Mid-life crisis has deep psychological underpinnings arising from the phenomenon where you have reached the deep end of U-curve and can’t fathom where you stand in midst of world crumbling down around you. What is the mid-life crisis in real terms? How can it be resolved? - All this and more in this all-embracing case study
What is Mid-life Crisis? Is it Hype or Reality?
Lingering between a pendulum moving between hype and reality, mid-life crisis is experiential and everyone between the age-group of 45-60 go through it. This is not a figment of one’s imagination and certainly not a fiction.
What Elliot Jaques explained in the article ‘Death and the Midlife Crisis’ he published in the International Journal of Psychoanalysis in 1965, is slapping employees of corporate world hard on the face. Jaques coined the word for the first time to explain the paradoxical parlance of having it all and still being in burgeoning engulfing emptiness inside one’s mind that I have nothing in life, I haven’t been successful or my life has been a complete failure. The suburban vernacular insidiously snowballed into a universal truth about the kind of life middle-aged people are leading today.
The catchall lingual is an exhaustive term for empty nest syndrome, menopause, discontentment, depression, anxiety, and self-questioning behavior. When you are at mid-age, one’s children are all grown up and start out to fly the nest, one’s parents die, and many are seeking a divorce from partners- all this confusion is bewildering. You know you have completed half of your life-cycle on earth and there is a lot that you haven’t done but always wanted to do.
The continuous update of ‘next-big-thing’ that your friends on social media have achieved is another trigger creating a lot of pressure on people making them feel negative about their lives. The celebration of youth in every form of publishing and advertising paraphernalia adds to this sinking feeling.
The effect of mid-life malaise on career
The job satisfaction of people suffering from a mid-life crisis is U-shaped. They have a high level of job satisfaction when they start working and when they have reached the nadir of U-shape they don’t have any motivation left because of sudden vicissitudes. Ascending U-curve, then they start to have a high level of satisfaction because they start to look at life from the perspectives of ‘past-was-golden’ and seem to be in a happy zone.
But when they are at rock bottom of U-curve, even employees who have been working with organizations for 10-20 years resign without a warning to look out for a next-best opportunity and a new rush of adrenaline.
What leading researchers say about the imminent catastrophe?
Labeled ‘Longitudinal Evidence for a Midlife Nadir in Human Wellbeing’, the study was a collaboration between the London School of Economics and the University of Warwick which pointed out the utter and bitter naked truth of mid-life crisis.
On the contrary- ‘Up, Not Down: The Age Curve in Happiness from Early Adulthood to Midlife in Two Longitudinal Studies’- a paper published in Developmental Psychology by University of Alberta, mid-life is not any sudden development of all these psychological factors but these start developing over a period of time from early teens and twenties.
Where to look?
Looking at the brighter side of life and preparing mentally for a journey of life which will be knowingly bad is an effective way to get through this phase.

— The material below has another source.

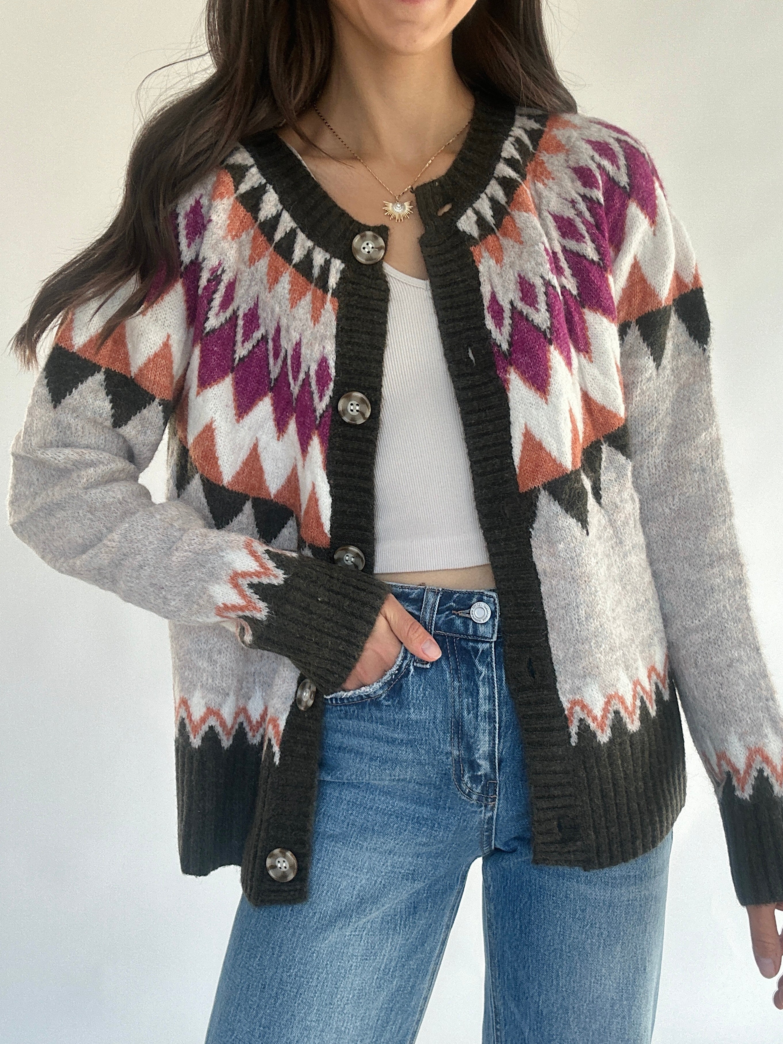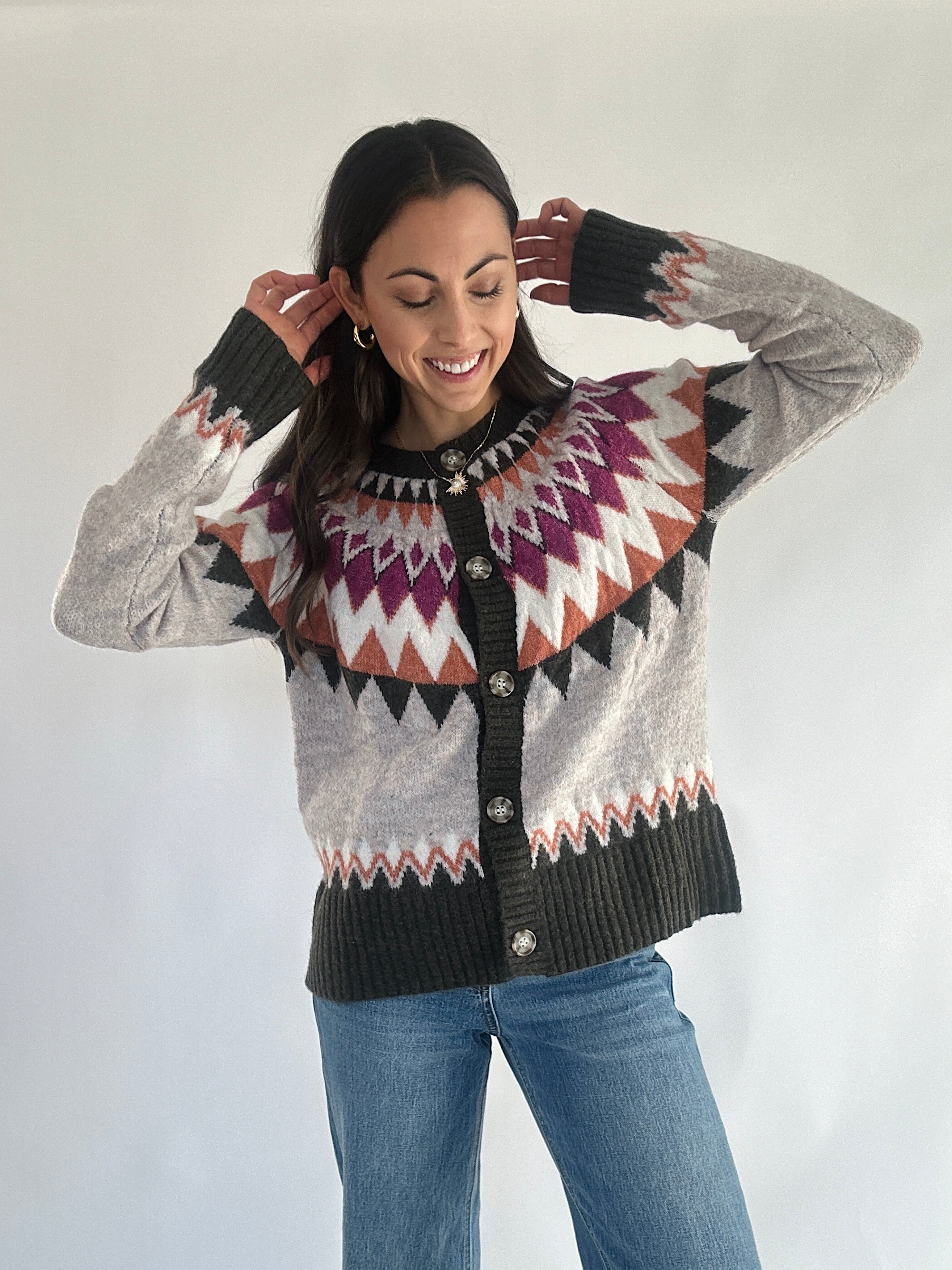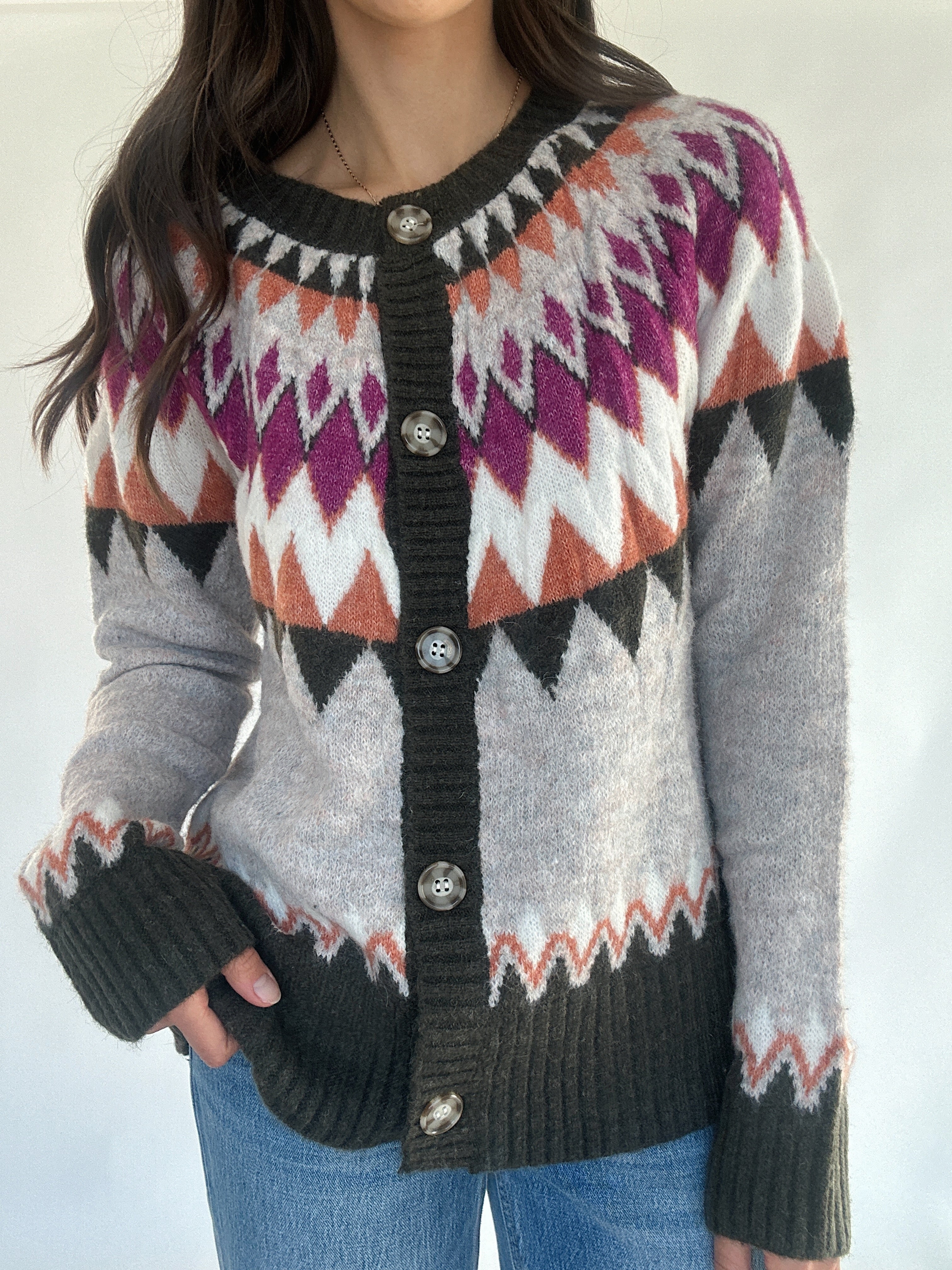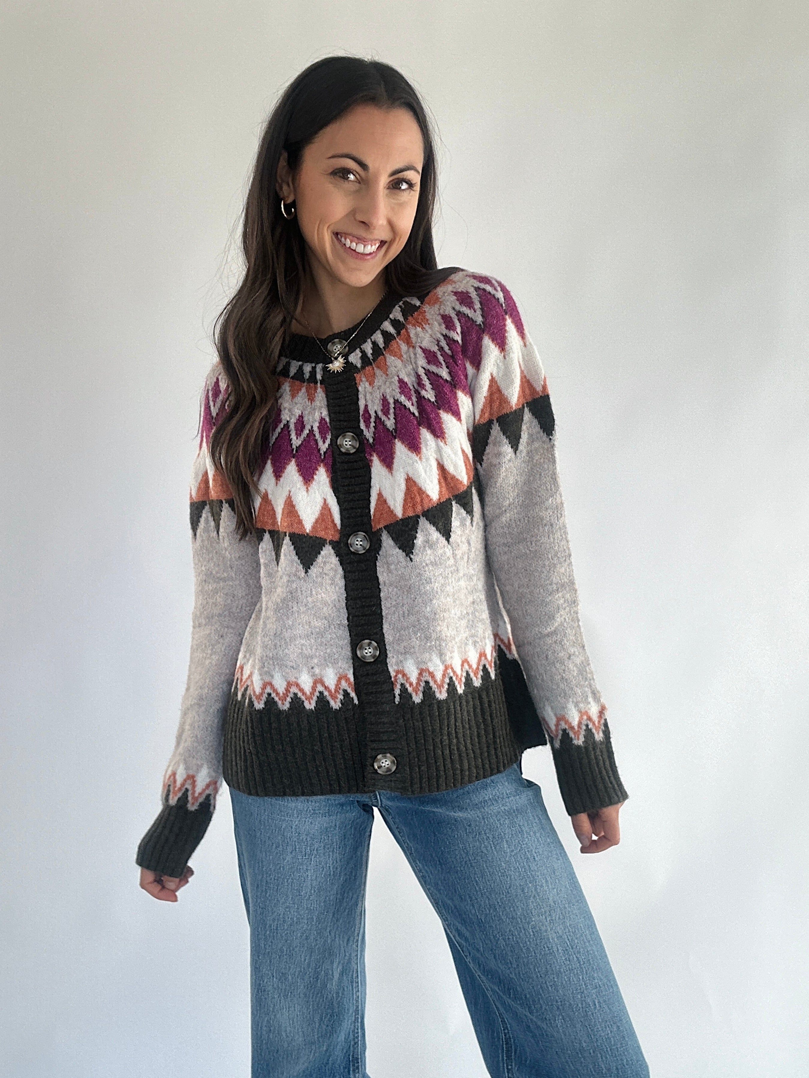 This dark olive, grey and pink sweater cardigan has a fun argyle pattern and a button front. The ribbed neckline hems and cuffs makes it a must have for the season!

The vicious cycle of anxiety, unmet aspirations, and uncompleted tasks has to be broken with arms of accepting it and facing it. Other tangible rejuvenators that can be integrated into daily life is nutritional food, exercise, and a good sleep.
Mid-life career mentoring programs can be one way on part of organizations to improve job satisfaction levels. A counseling session with older colleagues who have passed through this same low-period in their lives and have overcome with their sheer will-power, passion, and zeal is another way- employee- reorientation can be done.
On crutches of new opportunities, life can be again brought under one’s control. Incorporating concepts cherry-picked up from best philosophical schools like Japanese ‘Ikagai’ (Doing what you think is your reason to live) and counting ‘telic’ and ‘atelic’ activities (Completed projects and uncompleted projects in life such as buying a house, getting a job, meeting friends, and walking in a park)
Things can only look up from the nadir of U-curve and you aren’t alone - are the greatest epiphanies for everyone counting their wrinkles.